Stella did not know what to think. The bones were still a tangle, as were her thoughts.
“As we reveal the bones, remove the overburden and brush them clean, we don't know what beliefs they held, twenty thousand years ago,” Carlton said softly. “So basically we just respect them with silence, for a while, and gratitude. We get acquainted, as it were. They were not our direct ancestors, of course—we'll probably never find direct ancestors that old. It would be like digging up needles in a mighty sparse and distributed haystack.
“But the people down here, and all around the Spent River, they're still us. Nobody owns them. But they're family.” Carlton nodded to his own strong convictions.
“Amen,” Eileen and Connie Fitz said simultaneously below the scaffold.
Stella saw her father's hands on the rail. His knuckles were white and he was staring directly at her. Stella leaned her head to one side. He moved his lips. She could easily tell what he was saying.
Human.
Eileen and Laura Bloch and Mitch watched as the photographers arranged Kaye and the girls at the base of the mesa, standing in front of the scaffolding. No pictures of the bones were being allowed.
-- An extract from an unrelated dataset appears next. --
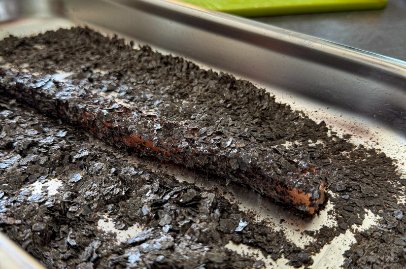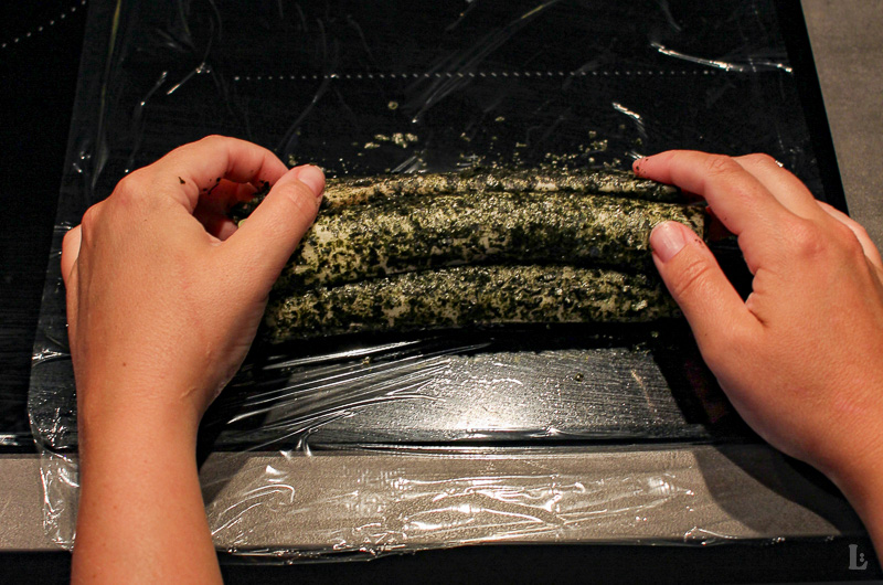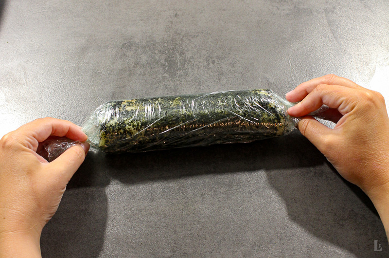 • Die Streifen auf Frischhaltefolie dicht nebeneinanderlegen und mithilfe der Folie zu einer straffen Rolle formen. Durch wiederholtes Rollen auf der Arbeitsfläche zieht sich die Folie fester zusammen. Die Enden fixieren und die Rolle im Kühlschrank mindestens einige Stunden, besser über Nacht, ruhen lassen.

“Rumor has it Kaye met God,” Eileen said in a low voice to Mitch. “Is it true?”
“So she tells me.”
“That's got to be awkward for a scientist,” Eileen said.
“She's doing okay,” Mitch said. “She calls it just another kind of inspiration.”
Senator Bloch listened to this with a focused pug-dog expression.
“What about you?” Eileen asked.
“I remain blissfully ignorant.”
“Kind of a sometime thing, huh?”
Bloch weighed in. “That can't be bad,” she mused. “Not for politics. Did she see Jesus?
”
Mitch shook his head. “I don't think so. That's not what she says, anyway.”
Bloch pouched out her lips. “If there's no Jesus, we best keep it under our hats for now.”
“What does God tell her about all of this?” Eileen asked, sweeping her hand over the excavations, the revealed bones.
Mitch scowled. “Not much, probably. It doesn't seem to be that kind of relationship.”
“What good is he, then?” Eileen asked petulantly.
Mitch had to look hard to tell if she was joking. She appeared to be, and she lost interest as some photographers came too near a grid square propped against a table and almost knocked it over.
After berating them and resetting the square, she came back and patted Mitch on the shoulder. “Good for Kaye,” she said. “Just proves that we're a tough old species. We can survive anything, even God. How about you? Going to come back soon and dig with us?” Eileen asked.
“No,” Mitch said. “That's over for me.”
“Shame. He was the best,” Eileen said to Bloch. “A real natural.”
Mitch helped Kaye back into the van. Kaye sat and massaged her calves. Her feet were numb and she had had a difficult time climbing the stairs out of the shelter.
Stella and Celia and LaShawna walked in a tight cluster to the van and climbed in behind her, then sat quietly. John Hamilton and Mitch stood talking as they waited for Bloch to rejoin them.
Kaye could hear her husband and John, but only a scatter of words between whisks of dusty wind.
John was saying, “. . . and bad. They say it's worse with two. Summer in Maryland is going to be tough. She wanted to come here. Just couldn't.”
Kaye licked her dry lips and stared forward. Stella placed her hand on Kaye's shoulder and touched her cheek.
“How are you all doing?” Kaye asked abruptly, swiveling around despite the twinges in her thighs and surveying the girls—the young women.